Discharging taxes in bankruptcy may not be the only benefit of filing bankruptcy. Other benefits can include:
1. Stopping the IRS collection efforts. Filing a bankruptcy petition typically stops the IRS’s collections activities. Therefore, bankruptcy may be a viable option to prevent the IRS from levying on wages or other assets.
2. Discharging some IRS tax penalties in bankruptcy.
3. Stopping the accrual of interest on unpaid tax debts during the bankruptcy proceeding.
These are just a few examples.
If the tax debt and penalties are not dischargeable in bankruptcy, then it is still possible that the tax debt and penalties can be restructured in bankruptcy. The bankruptcy payment plan may be better than the alternative payment plan afforded by the IRS.
There are also several disadvantages to filing bankruptcy that must be considered, however. One such disadvantage is that the IRS’s liens may survive the bankruptcy process. This can be problematic if there are assets that are excluded from the bankruptcy (such as retirement accounts) rather than exempt assets (such as personal residences, etc.). The lien will continue to attach to the excluded (not exempt) assets even though the taxpayer’s personal liability for the unpaid tax debts is discharged in bankruptcy.

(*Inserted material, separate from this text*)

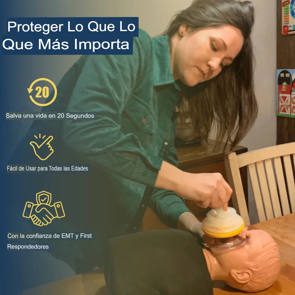 AirFlow tiene una válvula unidireccional que evita que la obstrucción se desplace más en la tráquea. Para usarlo, coloque la máscara sobre la boca y nariz de la víctima, presione suavemente para generar succión y luego tire hacia arriba para despejar las vías respiratorias de forma segura y eficaz.
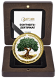 Auf der Rückseite entfaltet sich ein prächtiger Lebensbaum mit üppig grünen Blättern. Dieser kraftvolle Baum steht für Beständigkeit, Wachstum und die Verbindung zwischen Himmel und Erde. Die detailreiche Gestaltung in Polierter Platte macht jedes Blatt sichtbar und verleiht der Münze eine beeindruckende Tiefenwirkung.

The IRS’s post-bankruptcy collections activities can also be problematic. To the extent that all of the tax debt is not discharged in bankruptcy, the IRS may view the taxpayer (who now has fewer debts) as being in a better position to pay the IRS.
The bankruptcy tax laws are constantly changing. An experienced tax attorney who follows this area of law can help you determine if bankruptcy is a viable option for resolving your tax debt.